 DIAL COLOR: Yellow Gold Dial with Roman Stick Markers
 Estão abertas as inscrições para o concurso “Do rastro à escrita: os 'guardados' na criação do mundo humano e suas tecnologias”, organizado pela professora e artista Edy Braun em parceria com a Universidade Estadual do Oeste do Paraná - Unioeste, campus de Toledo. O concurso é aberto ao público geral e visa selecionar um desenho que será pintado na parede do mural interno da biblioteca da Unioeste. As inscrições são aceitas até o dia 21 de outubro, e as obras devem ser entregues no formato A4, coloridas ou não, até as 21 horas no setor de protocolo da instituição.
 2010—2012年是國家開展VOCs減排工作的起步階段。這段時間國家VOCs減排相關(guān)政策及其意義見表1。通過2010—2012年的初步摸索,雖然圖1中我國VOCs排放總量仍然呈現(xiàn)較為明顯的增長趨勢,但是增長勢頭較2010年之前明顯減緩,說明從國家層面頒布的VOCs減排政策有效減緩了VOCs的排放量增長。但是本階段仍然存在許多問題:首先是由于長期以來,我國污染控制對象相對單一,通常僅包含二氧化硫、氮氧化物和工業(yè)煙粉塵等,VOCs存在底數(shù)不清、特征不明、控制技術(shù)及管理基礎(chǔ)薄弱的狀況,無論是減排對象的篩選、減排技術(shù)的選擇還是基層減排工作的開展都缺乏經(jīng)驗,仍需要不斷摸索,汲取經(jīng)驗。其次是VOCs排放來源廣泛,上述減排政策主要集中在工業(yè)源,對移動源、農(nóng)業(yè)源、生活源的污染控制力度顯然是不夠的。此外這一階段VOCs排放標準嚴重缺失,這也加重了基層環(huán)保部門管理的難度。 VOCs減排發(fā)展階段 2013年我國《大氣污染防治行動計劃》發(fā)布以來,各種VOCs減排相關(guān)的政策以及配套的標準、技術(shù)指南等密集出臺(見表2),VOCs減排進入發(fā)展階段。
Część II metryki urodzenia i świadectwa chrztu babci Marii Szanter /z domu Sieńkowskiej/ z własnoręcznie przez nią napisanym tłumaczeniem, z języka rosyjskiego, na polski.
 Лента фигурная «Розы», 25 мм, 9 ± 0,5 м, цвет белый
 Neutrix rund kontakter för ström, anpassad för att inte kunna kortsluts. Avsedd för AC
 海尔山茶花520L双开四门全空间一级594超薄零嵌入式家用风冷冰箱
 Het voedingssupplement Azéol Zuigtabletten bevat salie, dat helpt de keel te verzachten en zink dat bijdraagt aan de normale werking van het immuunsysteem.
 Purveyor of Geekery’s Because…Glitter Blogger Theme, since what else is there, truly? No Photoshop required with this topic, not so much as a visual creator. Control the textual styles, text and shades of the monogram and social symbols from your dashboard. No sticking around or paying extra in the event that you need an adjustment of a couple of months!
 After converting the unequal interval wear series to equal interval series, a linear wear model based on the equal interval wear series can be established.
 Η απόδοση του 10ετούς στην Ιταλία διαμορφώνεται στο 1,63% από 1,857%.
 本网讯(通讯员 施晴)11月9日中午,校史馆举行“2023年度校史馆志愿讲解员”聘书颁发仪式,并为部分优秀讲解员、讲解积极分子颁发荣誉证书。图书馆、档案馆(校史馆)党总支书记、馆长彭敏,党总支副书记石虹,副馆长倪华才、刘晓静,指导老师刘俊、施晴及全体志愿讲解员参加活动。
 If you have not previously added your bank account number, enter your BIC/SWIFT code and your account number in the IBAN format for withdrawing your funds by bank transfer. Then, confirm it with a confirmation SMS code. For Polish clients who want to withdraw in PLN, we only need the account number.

*****

### WHAT THE EXERCISE ASKS
A faithful, word-for-word transcript of the material above is the required answer.

### RESPONSE TO THE EXERCISE
 DIAL COLOR: Yellow Gold Dial with Roman Stick Markers
 Estão abertas as inscrições para o concurso “Do rastro à escrita: os 'guardados' na criação do mundo humano e suas tecnologias”, organizado pela professora e artista Edy Braun em parceria com a Universidade Estadual do Oeste do Paraná - Unioeste, campus de Toledo. O concurso é aberto ao público geral e visa selecionar um desenho que será pintado na parede do mural interno da biblioteca da Unioeste. As inscrições são aceitas até o dia 21 de outubro, e as obras devem ser entregues no formato A4, coloridas ou não, até as 21 horas no setor de protocolo da instituição.
 2010—2012年是國家開展VOCs減排工作的起步階段。這段時間國家VOCs減排相關(guān)政策及其意義見表1。通過2010—2012年的初步摸索,雖然圖1中我國VOCs排放總量仍然呈現(xiàn)較為明顯的增長趨勢,但是增長勢頭較2010年之前明顯減緩,說明從國家層面頒布的VOCs減排政策有效減緩了VOCs的排放量增長。但是本階段仍然存在許多問題:首先是由于長期以來,我國污染控制對象相對單一,通常僅包含二氧化硫、氮氧化物和工業(yè)煙粉塵等,VOCs存在底數(shù)不清、特征不明、控制技術(shù)及管理基礎(chǔ)薄弱的狀況,無論是減排對象的篩選、減排技術(shù)的選擇還是基層減排工作的開展都缺乏經(jīng)驗,仍需要不斷摸索,汲取經(jīng)驗。其次是VOCs排放來源廣泛,上述減排政策主要集中在工業(yè)源,對移動源、農(nóng)業(yè)源、生活源的污染控制力度顯然是不夠的。此外這一階段VOCs排放標準嚴重缺失,這也加重了基層環(huán)保部門管理的難度。 VOCs減排發(fā)展階段 2013年我國《大氣污染防治行動計劃》發(fā)布以來,各種VOCs減排相關(guān)的政策以及配套的標準、技術(shù)指南等密集出臺(見表2),VOCs減排進入發(fā)展階段。
Część II metryki urodzenia i świadectwa chrztu babci Marii Szanter /z domu Sieńkowskiej/ z własnoręcznie przez nią napisanym tłumaczeniem, z języka rosyjskiego, na polski.
 Лента фигурная «Розы», 25 мм, 9 ± 0,5 м, цвет белый
 Neutrix rund kontakter för ström, anpassad för att inte kunna kortsluts. Avsedd för AC
 海尔山茶花520L双开四门全空间一级594超薄零嵌入式家用风冷冰箱
 Het voedingssupplement Azéol Zuigtabletten bevat salie, dat helpt de keel te verzachten en zink dat bijdraagt aan de normale werking van het immuunsysteem.
 Purveyor of Geekery’s Because…Glitter Blogger Theme, since what else is there, truly? No Photoshop required with this topic, not so much as a visual creator. Control the textual styles, text and shades of the monogram and social symbols from your dashboard. No sticking around or paying extra in the event that you need an adjustment of a couple of months!
 After converting the unequal interval wear series to equal interval series, a linear wear model based on the equal interval wear series can be established.
 Η απόδοση του 10ετούς στην Ιταλία διαμορφώνεται στο 1,63% από 1,857%.
 本网讯(通讯员 施晴)11月9日中午,校史馆举行“2023年度校史馆志愿讲解员”聘书颁发仪式,并为部分优秀讲解员、讲解积极分子颁发荣誉证书。图书馆、档案馆(校史馆)党总支书记、馆长彭敏,党总支副书记石虹,副馆长倪华才、刘晓静,指导老师刘俊、施晴及全体志愿讲解员参加活动。
 If you have not previously added your bank account number, enter your BIC/SWIFT code and your account number in the IBAN format for withdrawing your funds by bank transfer. Then, confirm it with a confirmation SMS code. For Polish clients who want to withdraw in PLN, we only need the account number.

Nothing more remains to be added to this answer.